Content starts
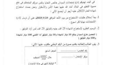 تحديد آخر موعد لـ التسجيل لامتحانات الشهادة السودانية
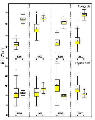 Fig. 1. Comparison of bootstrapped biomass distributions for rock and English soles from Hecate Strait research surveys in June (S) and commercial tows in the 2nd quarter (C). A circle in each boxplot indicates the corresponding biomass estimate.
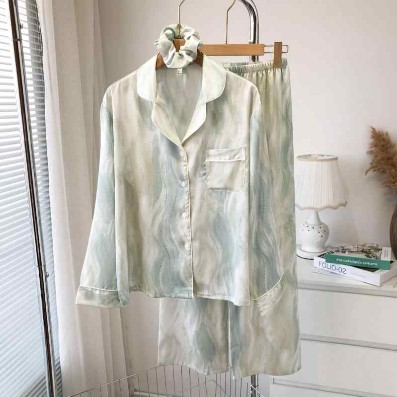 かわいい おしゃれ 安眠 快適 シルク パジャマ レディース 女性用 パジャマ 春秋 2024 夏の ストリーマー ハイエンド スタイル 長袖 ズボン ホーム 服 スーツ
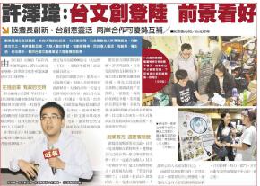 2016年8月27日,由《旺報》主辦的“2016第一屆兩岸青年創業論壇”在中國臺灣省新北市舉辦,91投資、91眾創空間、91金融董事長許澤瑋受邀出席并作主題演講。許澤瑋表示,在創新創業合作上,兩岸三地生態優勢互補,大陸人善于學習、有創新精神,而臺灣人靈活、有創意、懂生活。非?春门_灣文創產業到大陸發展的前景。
Content ends
Content starts
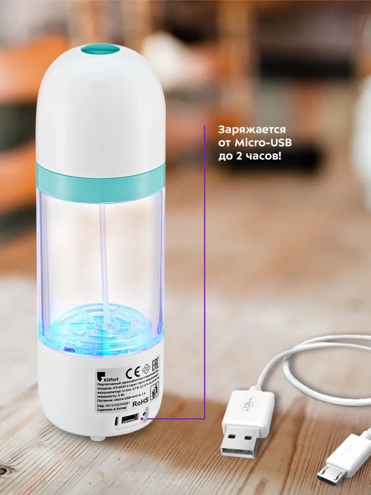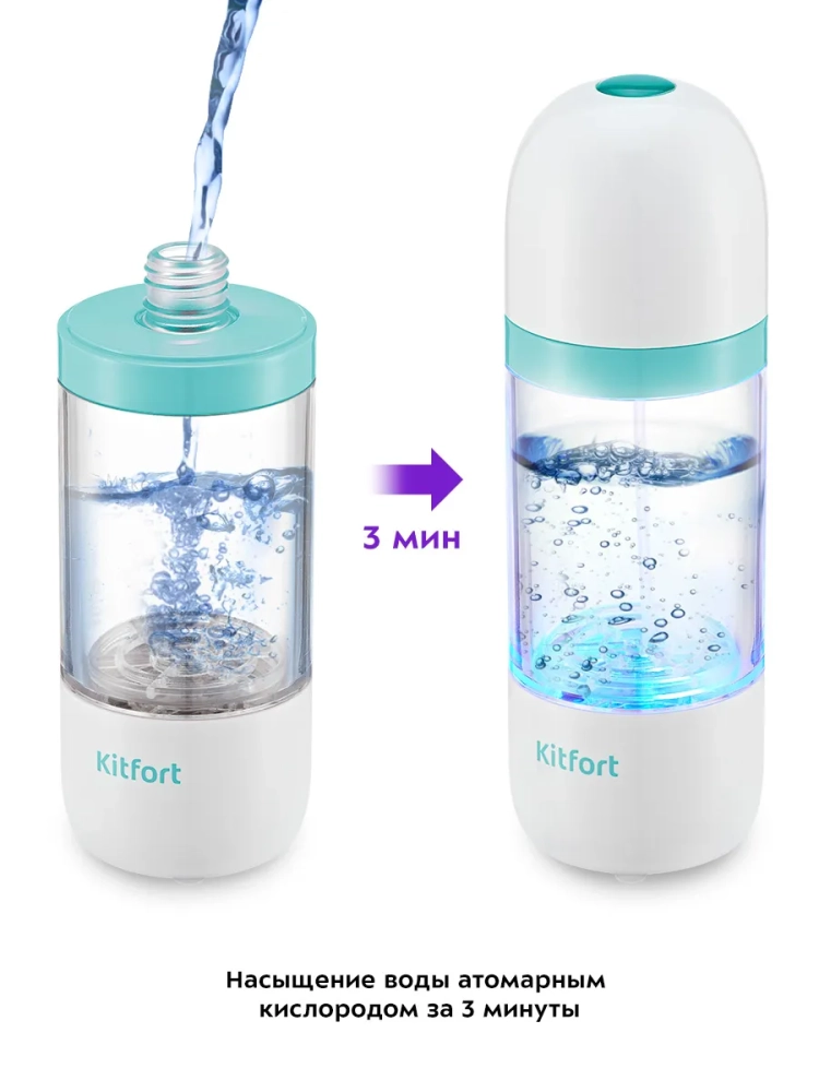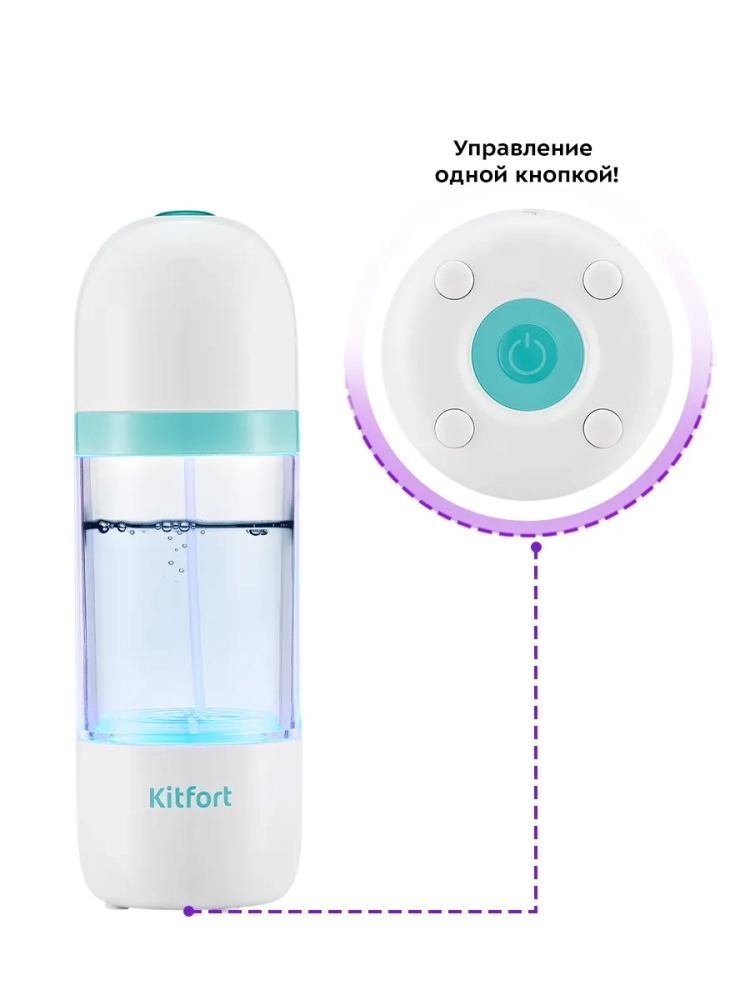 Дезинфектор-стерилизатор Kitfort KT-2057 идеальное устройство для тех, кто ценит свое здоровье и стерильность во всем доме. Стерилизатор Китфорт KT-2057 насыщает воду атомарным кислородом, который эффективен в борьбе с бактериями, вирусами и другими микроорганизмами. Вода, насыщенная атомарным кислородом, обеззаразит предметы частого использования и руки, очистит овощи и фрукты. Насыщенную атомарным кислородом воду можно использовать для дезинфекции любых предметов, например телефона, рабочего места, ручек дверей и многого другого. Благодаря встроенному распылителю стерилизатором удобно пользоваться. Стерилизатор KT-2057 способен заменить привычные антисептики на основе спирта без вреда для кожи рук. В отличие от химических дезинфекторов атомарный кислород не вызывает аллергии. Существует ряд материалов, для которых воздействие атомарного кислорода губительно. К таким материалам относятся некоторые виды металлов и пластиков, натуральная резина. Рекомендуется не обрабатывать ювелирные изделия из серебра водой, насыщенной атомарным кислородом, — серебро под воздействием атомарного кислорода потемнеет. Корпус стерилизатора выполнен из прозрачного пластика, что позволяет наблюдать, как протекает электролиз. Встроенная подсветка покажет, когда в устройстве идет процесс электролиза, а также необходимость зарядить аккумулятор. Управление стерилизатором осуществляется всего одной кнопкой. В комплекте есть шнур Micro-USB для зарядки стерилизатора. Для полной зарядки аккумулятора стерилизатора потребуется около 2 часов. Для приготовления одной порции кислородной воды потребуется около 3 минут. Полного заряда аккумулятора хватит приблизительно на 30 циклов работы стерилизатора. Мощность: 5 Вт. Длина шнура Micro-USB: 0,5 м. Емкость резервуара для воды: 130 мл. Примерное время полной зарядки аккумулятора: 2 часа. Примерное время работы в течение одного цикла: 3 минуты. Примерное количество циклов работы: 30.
Content ends
Content starts
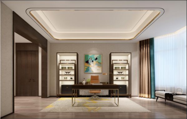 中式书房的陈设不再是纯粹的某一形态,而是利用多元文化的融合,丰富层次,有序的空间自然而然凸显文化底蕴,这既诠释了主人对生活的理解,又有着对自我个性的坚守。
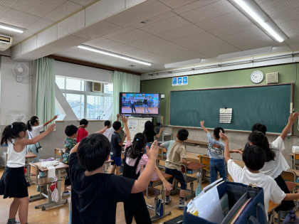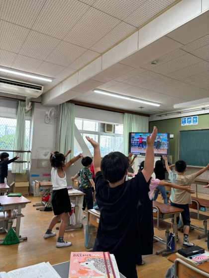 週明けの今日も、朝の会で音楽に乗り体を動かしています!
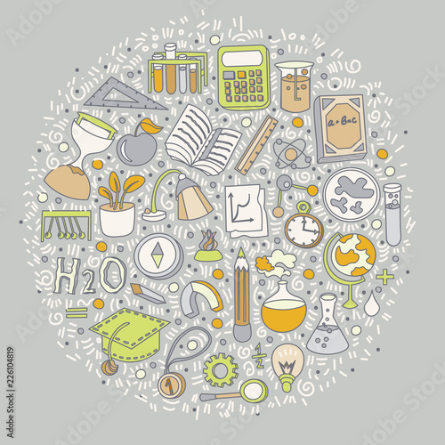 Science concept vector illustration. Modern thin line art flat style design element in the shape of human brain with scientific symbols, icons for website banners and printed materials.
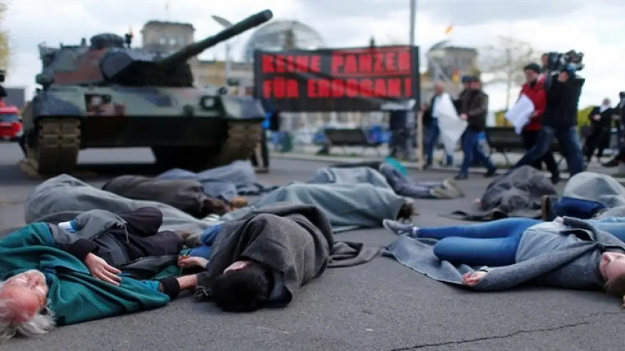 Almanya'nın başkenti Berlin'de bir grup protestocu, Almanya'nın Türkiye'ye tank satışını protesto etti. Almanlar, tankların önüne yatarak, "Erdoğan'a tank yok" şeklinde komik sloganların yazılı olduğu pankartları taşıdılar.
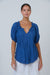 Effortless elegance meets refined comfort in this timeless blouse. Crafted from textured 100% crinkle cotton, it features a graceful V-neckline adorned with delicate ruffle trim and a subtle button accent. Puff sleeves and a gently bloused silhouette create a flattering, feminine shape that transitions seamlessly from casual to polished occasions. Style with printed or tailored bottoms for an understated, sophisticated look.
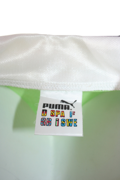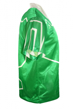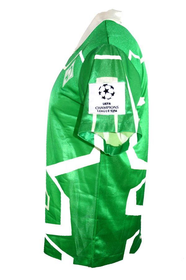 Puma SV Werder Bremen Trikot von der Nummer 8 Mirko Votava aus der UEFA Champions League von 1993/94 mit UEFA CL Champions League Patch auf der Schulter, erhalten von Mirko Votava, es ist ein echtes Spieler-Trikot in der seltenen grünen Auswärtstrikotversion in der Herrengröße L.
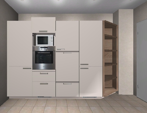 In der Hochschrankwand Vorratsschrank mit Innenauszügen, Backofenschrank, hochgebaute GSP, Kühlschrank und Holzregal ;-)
Content ends
## PROBLEM DESCRIPTION
Beginning with the line holding "Science concept vector" in the material above, restate word for word each line through the line holding "Effortless elegance meets", and exclude pictures.

## WRITTEN SOLUTION
 Science concept vector illustration. Modern thin line art flat style design element in the shape of human brain with scientific symbols, icons for website banners and printed materials.
 Almanya'nın başkenti Berlin'de bir grup protestocu, Almanya'nın Türkiye'ye tank satışını protesto etti. Almanlar, tankların önüne yatarak, "Erdoğan'a tank yok" şeklinde komik sloganların yazılı olduğu pankartları taşıdılar.
 Effortless elegance meets refined comfort in this timeless blouse. Crafted from textured 100% crinkle cotton, it features a graceful V-neckline adorned with delicate ruffle trim and a subtle button accent. Puff sleeves and a gently bloused silhouette create a flattering, feminine shape that transitions seamlessly from casual to polished occasions. Style with printed or tailored bottoms for an understated, sophisticated look.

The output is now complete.